## Input:
┄┄┄┄┄┄┄┄┄┄
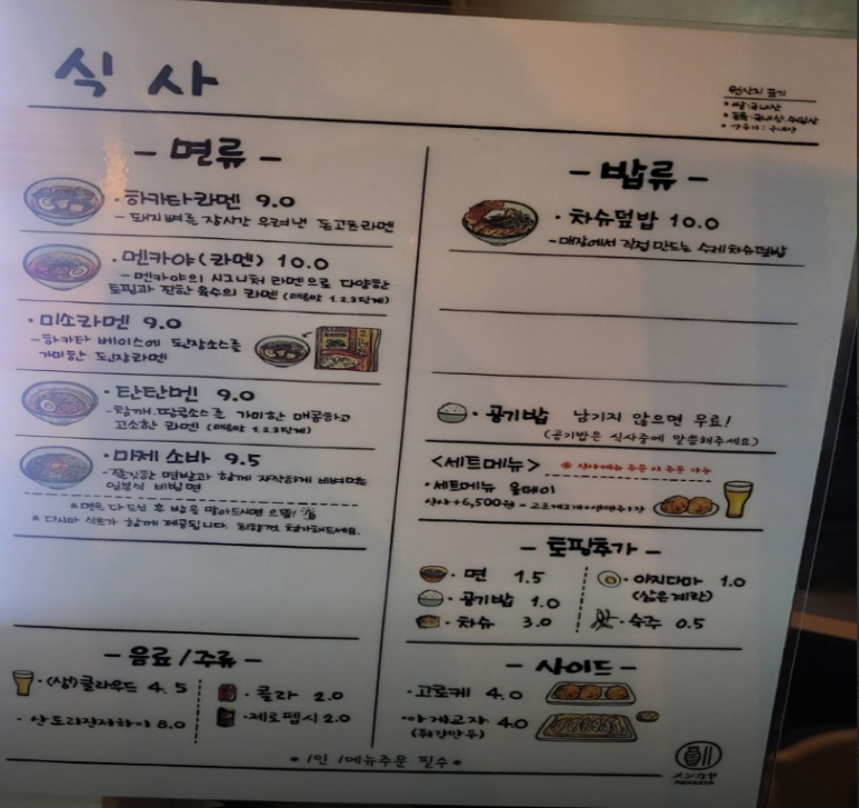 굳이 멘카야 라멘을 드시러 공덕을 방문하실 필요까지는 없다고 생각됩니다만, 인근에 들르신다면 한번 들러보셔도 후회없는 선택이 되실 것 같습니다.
┄┄┄┄┄┄┄┄┄┄
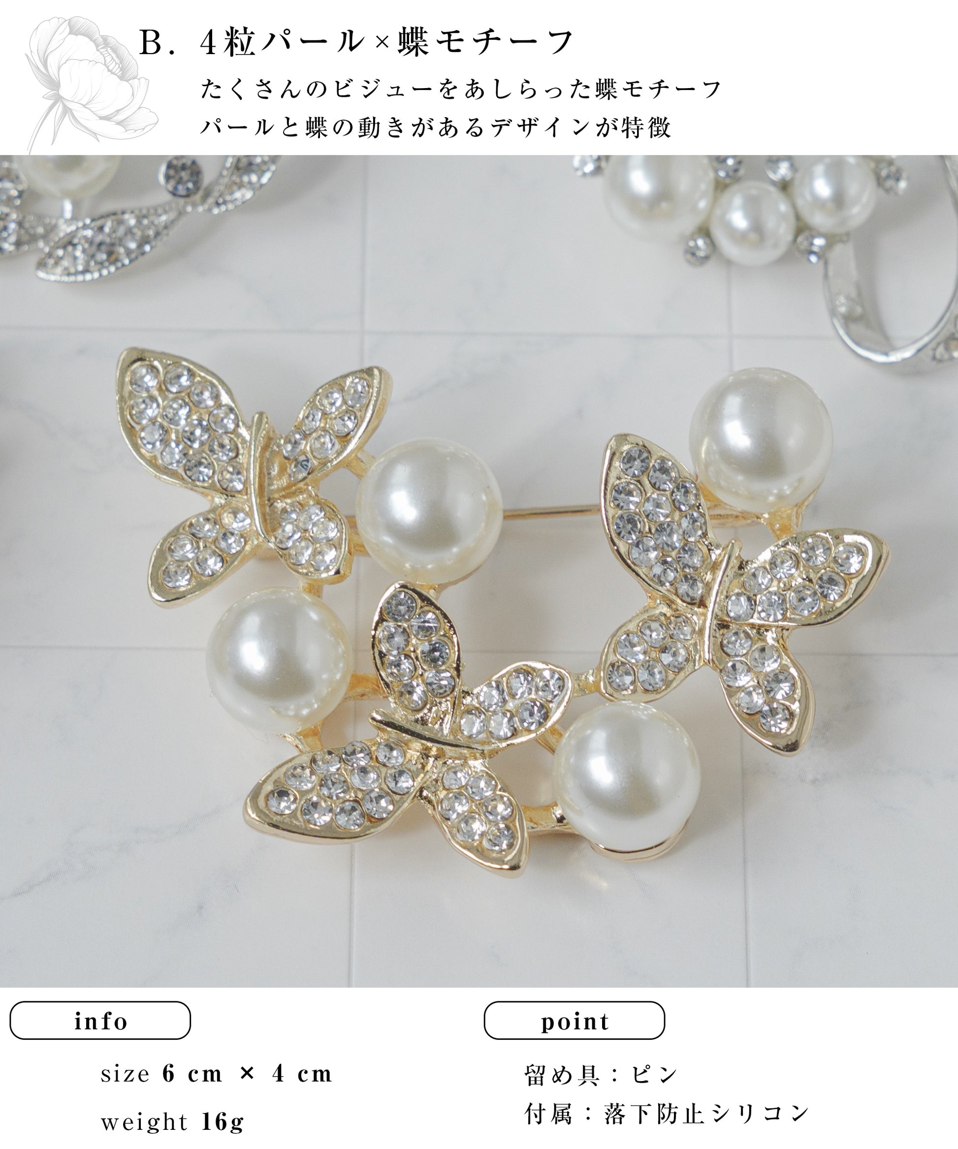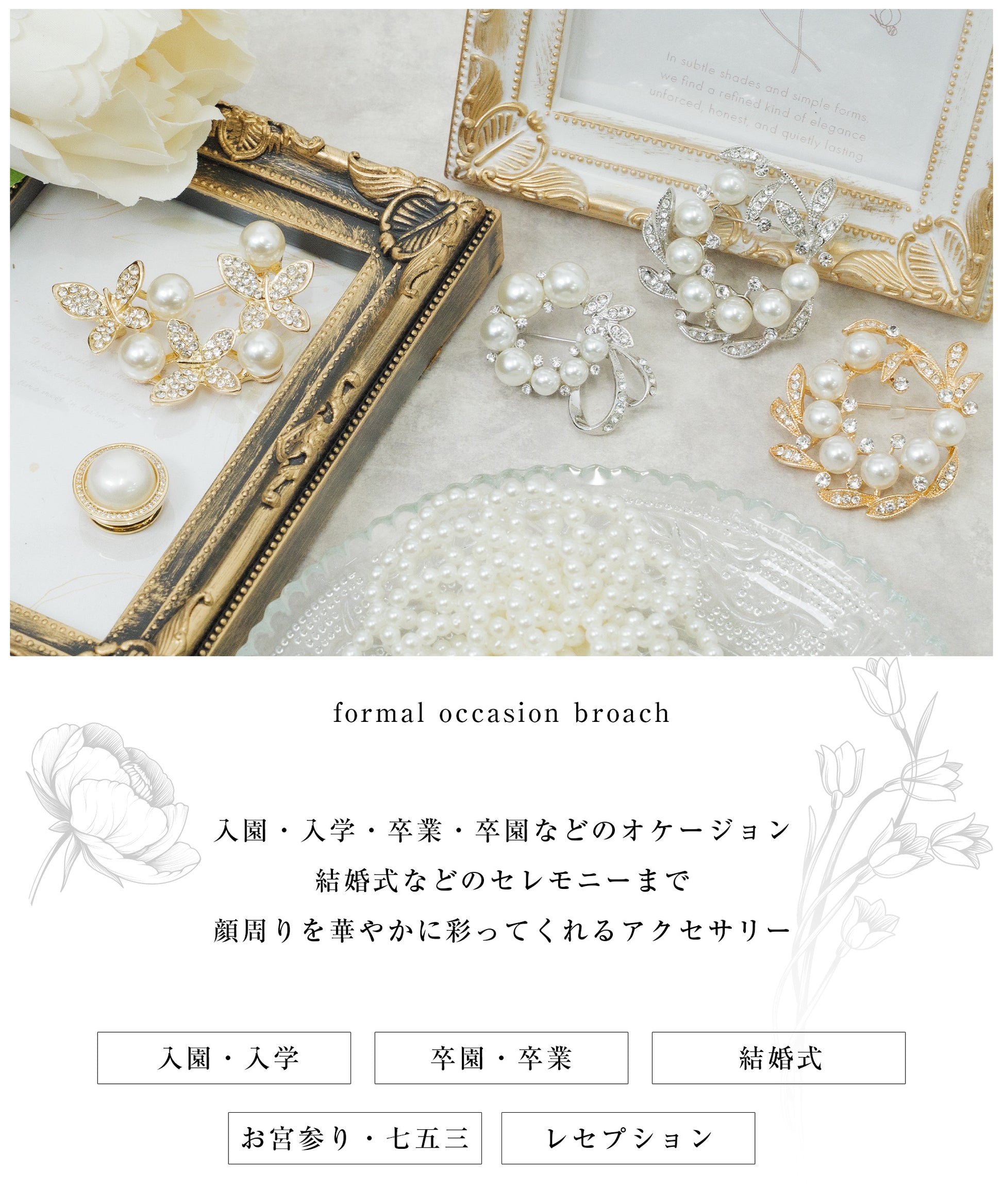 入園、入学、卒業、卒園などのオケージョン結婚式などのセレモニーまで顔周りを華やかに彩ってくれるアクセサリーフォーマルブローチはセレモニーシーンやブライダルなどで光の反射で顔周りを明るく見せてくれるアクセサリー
┄┄┄┄┄┄┄┄┄┄
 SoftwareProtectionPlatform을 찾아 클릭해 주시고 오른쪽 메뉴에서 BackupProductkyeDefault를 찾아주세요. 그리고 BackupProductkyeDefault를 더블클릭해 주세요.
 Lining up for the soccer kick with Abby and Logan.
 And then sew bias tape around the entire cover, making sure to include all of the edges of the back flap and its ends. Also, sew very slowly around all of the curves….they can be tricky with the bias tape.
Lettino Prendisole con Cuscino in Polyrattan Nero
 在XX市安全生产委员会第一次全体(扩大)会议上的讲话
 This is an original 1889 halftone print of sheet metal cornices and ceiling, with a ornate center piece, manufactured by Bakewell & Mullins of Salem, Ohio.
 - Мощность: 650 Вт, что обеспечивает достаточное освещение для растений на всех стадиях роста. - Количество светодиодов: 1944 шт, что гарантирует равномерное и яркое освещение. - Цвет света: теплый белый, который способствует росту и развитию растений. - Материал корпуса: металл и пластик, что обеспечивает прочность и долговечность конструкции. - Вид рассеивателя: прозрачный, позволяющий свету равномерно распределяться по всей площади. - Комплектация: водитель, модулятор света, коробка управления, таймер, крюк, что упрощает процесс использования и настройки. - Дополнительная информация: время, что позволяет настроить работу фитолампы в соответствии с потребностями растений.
┄┄┄┄┄┄┄┄┄┄
## What needs to be done:
Beginning with the line that has "在XX市安全生产委员会第一次全体(扩大)会议上的讲话" and ending with the line that has "This is an original", set down the lines above exactly and include no others.

## Task response:
 在XX市安全生产委员会第一次全体(扩大)会议上的讲话
 This is an original 1889 halftone print of sheet metal cornices and ceiling, with a ornate center piece, manufactured by Bakewell & Mullins of Salem, Ohio.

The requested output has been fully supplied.